- Cover of the first volume

うみべの女の子 (Umibe no Onnanoko)
- Genre: Coming-of-age
- Written by: Inio Asano
- Published by: Ohta Publishing
- English publisher: NA: Vertical;
- Magazine: Manga Erotics F
- Original run: July 7, 2009 – January 7, 2013
- Volumes: 2

= A Girl on the Shore =

Japanese manga series

A Girl on the Shore (うみべの女の子, Umibe no Onnanoko) is a Japanese manga series written and illustrated by Inio Asano. It is about two junior high school students who enter into a casual sex relationship. The manga was serialized in Ohta Publishing's Manga Erotics F from 2009 to 2013 and is licensed in North America by Vertical.

On August 20, 2021, the series received a film adaptation directed by Atsushi Ueda, starring Ruka Ishikawa and Yuzu Aoki.

== Plot ==
After Misaki, an upperclassman, forces Koume Sato to give him fellatio on their first date, she uses Keisuke Isobe as a rebound and asks him to take her virginity. The two enter into a casual sex relationship, and although Isobe liked Koume in the seventh grade, she does not reciprocate feelings for him. Since Isobe's parents are not home often, Koume spends time at his house reading manga, listening to music, and sexually experimenting with Isobe. Haunted by his brother's suicide, Isobe also continues his brother's anime blog. When Koume receives a camera as a present, Isobe gives her an extra SD card he found, on which she discovers pictures of a girl on the shore and later deletes them from his computer out of jealousy. This causes Isobe to ignore her and Koume realizes she likes him. However, he breaks up with her out of boredom. Shota Kashima—the school's top baseball player and Koume's childhood friend—confronts Isobe after rumors spread of their relationship. Isobe provokes Kashima, and when Kashima rushes him, they fall over a bannister.

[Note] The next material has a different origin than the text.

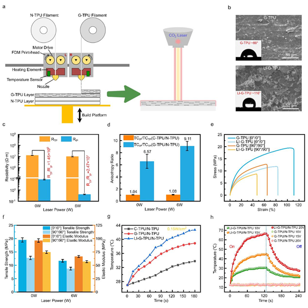 为了进一步提升复合材料各向异性导热性能,团队采用激光诱导处理了3D打印的石墨烯增强热塑性聚氨酯(G-TPU/N-TPU)双层结构。研究发现,激光处理保留了复合物中的石墨烯片的取向和双层结构的完整性,同时暴露与重构了石墨烯网络,形成了TPU碳化层并调控其缺陷态,显著提升了各向异性导电性(RTP/RIP 从1.45×106 增至2.47×107)和各向异性导热比(TCIP/TCTP 增至9.1)。激光处理分解聚合物基体后,在复合材料表面形成的微尺度结构与粗糙表面提高了材料表面疏水性(接触角从88° 增至约120°),使入射光发生多次反射以延长光程,显著增强了光热转换效率。

Kashima injures his leg, forcing him to be unable to compete in a prefectural tournament. Koume hangs out with Misaki and his friends, but leaves after he tries to get her to smoke cannabis and force her to kiss him. Koume visits Isobe at his house, they have sex, and he tells her of his intention to commit suicide. Koume writes a letter for him and buys a copy of Happy End's album containing the song "Gather the Wind" (which she had heard at his house), planning to give them to him at their school festival. Isobe attacks Masaki and his friend, calling the police on them so they can find the illegal cannabis in their bags. On the day of their school festival—Isobe's birthday as well as the day his brother committed suicide—Koume requests "Gather The Wind" to be played, but finds that Isobe has not been to school in three days. Koume desperately searches for Isobe during a storm, but does not find him at home, only a sticky note saying "sorry". When she sees a cheerful Isobe a week later, he tells her that he met the girl in the pictures and got her email address, aiming to get into her high school. Koume confesses her feelings to him and asks him out, but he declines. In high school, Koume obtains a boyfriend, whom she kisses. On her way home, she meets Kashima, who reveals that he still has feelings for her. On the shore, she exclaims that she found what she was looking for: "something bigger than everything else, the sea!"

== Production ==
When Asano started out in the manga industry, he saw sexuality as normal part of life so he used it to portray reality in his work. He felt that he created A Girl on the Shore at the right time, because he later found himself in an unfavorable environment in Japan and with manga readers not expecting sexual scenes in manga which are not explicitly labelled as erotic or pornographic. Shaenon K. Garrity of Anime News Network felt that the showing of pubic hair in the manga was "a sign of the changing times in Japanese publishing" because they used to be taboo.

== Release ==
The manga was launched in Ohta Publishing's magazine Manga Erotics F and was serialized from July 7, 2009, in the 58th issue to January 7, 2013, in the 77th issue. Ohta Publishing collected the 20 chapters into two volumes on March 17, 2011, and February 21, 2013. At Genericon 2015, Vertical announced that it had licensed the manga, publishing it as a single-volume omnibus edition on January 19, 2016. Due to its sexually explicit nature, the omnibus was sold shrink-wrapped. Kodansha USA released a hardcover edition of the manga with new cover art in February 2023.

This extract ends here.